For its role in the pilot, OICR will provide several hundred prostate cancer genomes for analysis, Stein said. The datasets come from the Canadian Prostate Cancer Genome Network which aims to better predict treatment failure for intermediate risk prostate cancers. The goal of the project, Stein said, will be to use the CCC infrastructure to find prognostic and predictive biomarkers for the cancer subtype.
"We'll be running the biomarker discovery software in Oregon on data that's physically stored on the node in Toronto," he told GenomeWeb. "We've done the biomarker discovery already using our local cluster so we know what we are expecting to get out. The test is really going to be do we get the right answer out? How long is it going to take?" They also want to figure out what modifications would be needed to get software to run on the CCC as well as potential problems end users might run into when they use the system.
In addition to providing datasets, OICR will adapt and optimize some commonly used genomic alignment and variant calling algorithms to run in the CCC environment, and put them into a library of tools and pipelines for genome analysis in the cloud, Stein said. These pipelines will let users upload raw output from sequencing instruments and obtain lists of variants found in tumor samples including nucleotide substitutions, insertions and deletions, structural variants, and more.
Meanwhile, Dana-Farber is still mulling which datasets it will use for the CCC pilot project. Cerami said the center plans to use datasets from some of its existing research-oriented projects initially but it is working out which datasets those will be and which cancer subtypes it will focus on. "We have a number of ideas but it's too premature to say what exactly they are," he said, adding that "we have to make sure that each of the member institutions have enough [samples with] those kinds of cancer types to do it for the pilot project."
Once they have validated the system on research samples, the developers hope to use it to share data from Dana-Farber's 'Profile' project, which was launched in 2011 by scientists at the Dana-Farber Cancer Institute and Brigham and Women's Hospital. The project aims to analyze data from tumor tissue collected from patients receiving treatment of all types of cancers. Investigators on the project, which now includes Boston Children's Hospital, have built a database that contains genetic abnormalities that drive cancer obtained from more than 15,000 genetic profiles of patients' tumors. They add about 400 new samples each month to the database. "Eventually part or all of the Profile project could be something that we securely share [but] the initial pilot projects will be slightly different datasets," Cerami said.
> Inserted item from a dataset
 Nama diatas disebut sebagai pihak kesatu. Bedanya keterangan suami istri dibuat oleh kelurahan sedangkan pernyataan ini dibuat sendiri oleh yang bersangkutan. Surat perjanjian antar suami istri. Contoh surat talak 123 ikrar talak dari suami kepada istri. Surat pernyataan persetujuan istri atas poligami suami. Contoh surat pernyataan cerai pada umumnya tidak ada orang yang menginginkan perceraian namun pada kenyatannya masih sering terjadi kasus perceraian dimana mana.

Like OICR, Dana-Farber also has a number of internally genomic pipelines that it may contribute to the cloud platform so that others could use them "but we haven't really defined that yet," Cerami said.
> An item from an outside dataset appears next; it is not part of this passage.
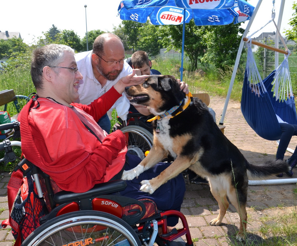 Ähnliche Erfahrungen macht Norbert Janster aus Mechernich mit seiner „Lena“. In den Nordeifelwerkstätten in Ülpenich sind Norbert Janster und Lena im Wochenrhythmus in einer von Linda Blesse geleiteten Fördergruppe für mehrfach behinderte Menschen zu Gast. „Lena erreicht unsere Gruppenmitglieder auf einer Ebene ohne Worte“, so Linda Blesse. „Sie schenkt auf eine gewisse Art und Weise unvoreingenommen Zuwendung und kann ihnen so aus einer inneren Isolation helfen.“ Natürlich sei der Besuchshund nicht zuletzt auch eine willkommene Ablenkung vom Arbeitsalltag. „Dieser Dienst ist für mich als Hundebesitzer eine ideale Möglichkeit, mich mit meinem Hund ehrenamtlich zu engagieren“, so Norbert Janster. „Gemeinsam erleben wir ganz direkt die Freude und Begeisterung der Menschen – eine Erfahrung, die mich immer wieder aufs Neue bewegt!“

In future, Intel plans to make the CCC infrastructure more broadly available. "We are thinking of talking with the large cancer consortiums [for example] rather than talking to one partner at a time," Paranjape said. Also, if researchers want to use a single component of the CCC platform, they'll be able to do so. Intel is also exploring potential use cases for the infrastructure in the context of rare diseases as well as applications in the pharmaceutical industry, among others, he said.